The annual show, now in its 18th year, takes place August 1 at the Chinese Benevolent Association’s headquarters in St Andrew.
Music producers Chris Blackwell, Lee Gopthal and Sonny Roberts; singers Laurel Aitken and Owen Gray; and deejay Dennis Alcapone will also be honoured.
Kingsley Goodison, whose King Omar Promotions produces the annual event, considers Duke Vin an unsung hero of Jamaican dancehall.
“The sound system is really the birth of Jamaican music, and for him as a black man to go to England and introduce it is really an achievement,” he said.
Born Vincent George Forbes in central Kingston, Duke Vin was a protégé of Thomas ‘Tom the Great Sebastian’ Wong, a pioneer sound system operator.
In 1955, one year after stowing away to the UK on a ship, he started Duke Vin the Tickler’s, the country’s first sound system.
Three years later, he was involved in the UK’s first ‘sound clash’ with another Jamaican, Count Suckle.
As Jamaican music (ska, rocksteady) took off there during the 1960s, Duke Vin’s reputation as an ‘elder’ in the West Indian community grew.
He was also a co-founder of the Notting Hill Carnival in 1973. Duke Vin died in 2012 at age 84.
Blackwell launched Island Records in 1959 along with fellow producer Leslie Kong and Australian engineer/producer Graeme Goodall.

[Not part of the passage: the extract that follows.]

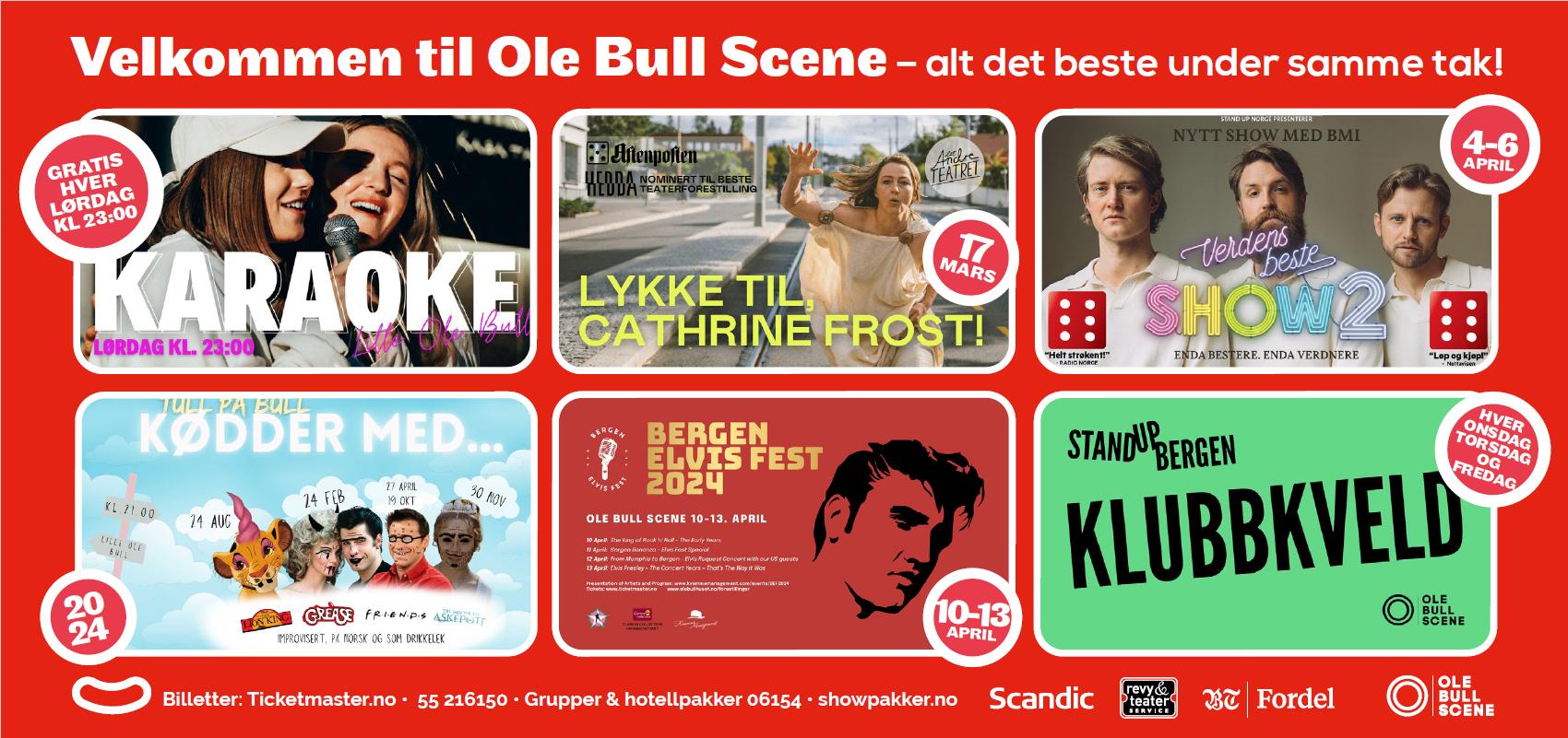 Så hva er Ole Bull-huset? Kanskje litt mer enn du tror. Et kulturhus, selvsagt. Alt fra de største artistene til de små. Eventer, stand up, konserter, podcaster Noen er egne produksjoner, på andre er de utleier Visste du at du kan leie en scene og to her? Ole Bull arrangerer faktisk det meste fra A til Å Du som privatperson kan ha alt fra eventer og konfirmasjon til bryllup og bisettelser.

That company helped launch the international careers of Bob Marley, U2 and Melissa Etheridge.
Gopthal was a founder of Trojan Records, another influential British label that released a number of major reggae albums and songs, including John Holt’s 1000 Volts of Holt and Everything I Own, by Ken Boothe.
Roberts, originally from Manchester, is the first West Indian to operate a recording studio in the UK. He opened it in London in 1961; through his Planetone and Orbitone labels, he helped popularise Afro Beat, lovers’ rock and soca.
Goodison has gone for theme events for the last two ‘tributes’. In 2013, he acknowledged the contribution of Australians to reggae; last year, he cited the impact of the Chinese.